和歌山県の橘本(きつもと)神社で「菓子祭・全国銘菓奉献祭」
田道間守(たぢまもり)は,垂仁(すいにん)天皇の命を受けて常世(とこよ)の国より非時香菓(ときじくのかくのこのみ,橘)を持ち帰った。この功績をたたえ,田道間守を果物と菓子の神様として祀(まつ)る神社は全国に10余ヵ所あるといわれている。
代表的な神社は兵庫県北部にある豊岡市の中島神社,太宰府天満宮(福岡県)の中島神社,佐賀県の伊萬里神社,紀伊国屋文左衛がみかんを積んで船出したという伝説の地にある和歌山県海南市下津町の橘本(きつもと)神社などがある。

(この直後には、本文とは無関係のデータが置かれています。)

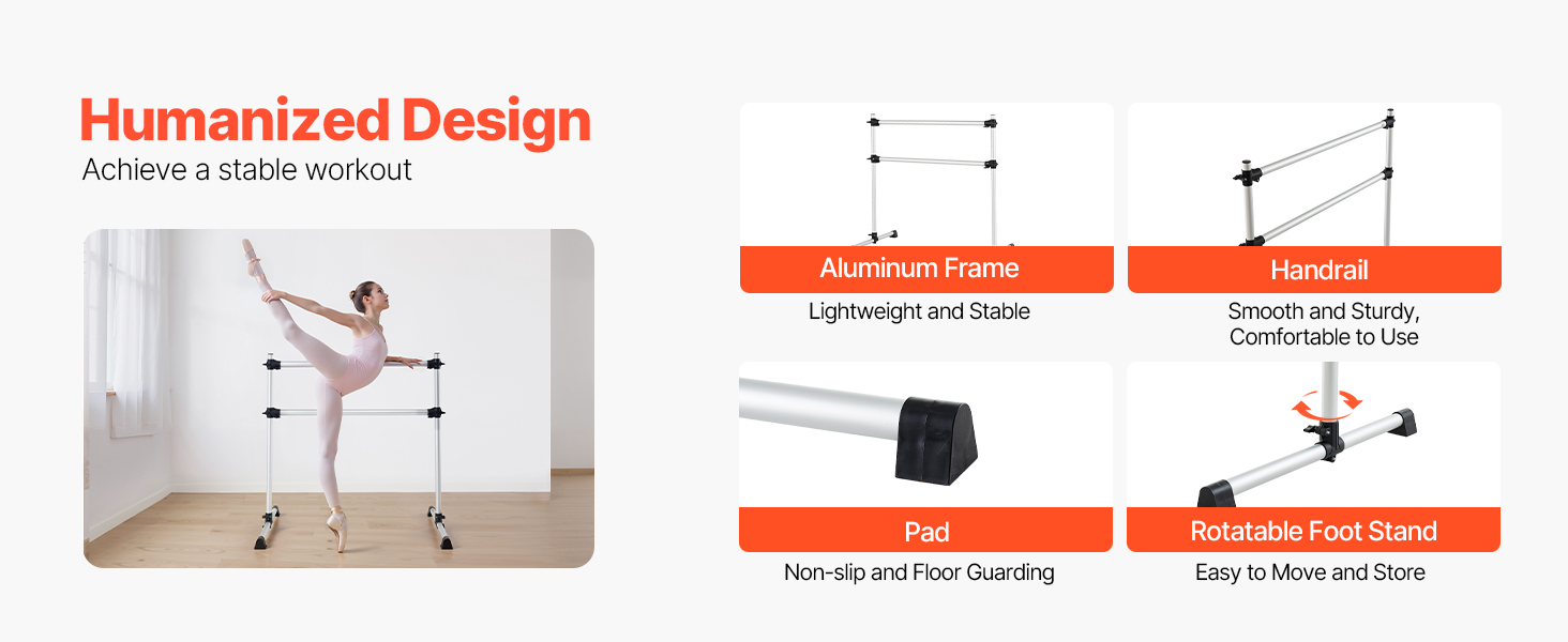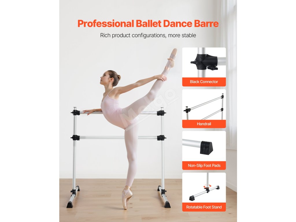 Tanečná tyč je vyrobená s hliníkovým rúrkovým madlom, je odolná a pohodlne sa drží. Je vybavená veľkými protišmykovými podložkami, ktoré chránia vašu podlahu pred poškriabaním. Dodá eleganciu a pôvab každej miestnosti vo vašej domácnosti alebo tanečnom štúdiu. Otočný stojan na nohy uľahčuje jej premiestňovanie a skladovanie.
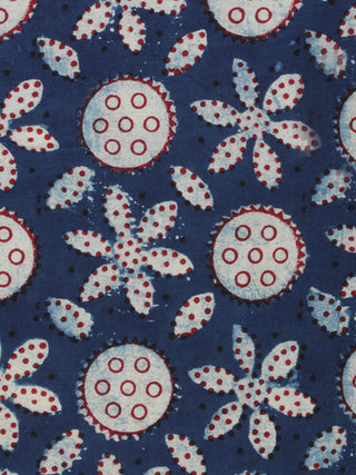 Indigo Ivory Red Ajrakh Hand Block Printed Cotton Fabric Per Meter - F003F2111
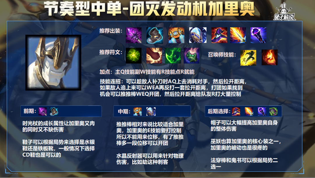大家好,我是兔子攻略组的大马猴。今天给大家推荐目前版本T0的节奏型中单加里奥,这个英雄非常适合大家拿来上分,只要思路正确,是没有上不去的分的,并且这次的改动也丝毫没有影响到加里奥目前的T0强势地位,是上分的一大神器。Q=1技能,W=2技能,E=3技能,R=4技能
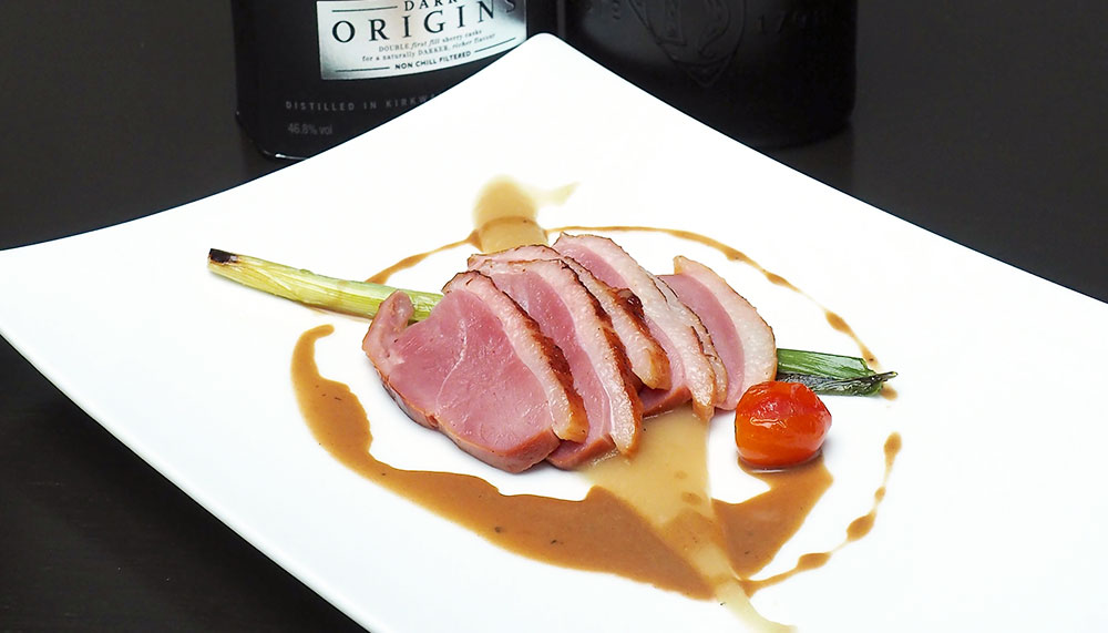 The richer, deeper Highland Park Dark Origin – the result of using twice as many first-fill sherry casks than the Highland Park 12 Year Old – was partnered with another entrée of charcoal-grilled smoked duck breast. The expression’s notes of toasted hazelnuts, ripe bananas, sherried spice, and warm dark chocolate brought out the subtle sweetness of the dish’s caramelised spring onions and apple puree, but retained its well balanced, harmonised flavours.

お菓子がなかった時代には,橘の実を加工してお菓子として食べていたことから,田道間守はお菓子の神様ともいわれている。橘本神社では,毎年4月3日に「菓子祭・全国銘菓奉献祭」が行われ,全国各地のお菓子屋さんより,和菓子,洋菓子,飴菓子等の色々なお菓子が奉納される。また,毎年10月10日(体育の日)には「みかん祭」が開催される。
ところで,昭和17年(1942),田道間守をたたえる歌詞(「田道間守の歌」)が当時の小学校であった国民学校の「初等科音楽」(国定教科書)に初めて掲載される。
1 かおりも高いたちばなを
積んだお船がいま帰る
君の仰せをかしこみて
萬里の海をまっしぐら
いま帰る田道間守 田道間守
2 おはさぬ君のみささぎに
泣いて帰らぬまごころよ
遠い国から積んで来た
花たちばなの香(か)とともに
名はかおる田道間守 田道間守
この歌を兵庫県豊岡市の中嶋神社で小学生が歌っている貴重な録画をyutubeで聞くことができる。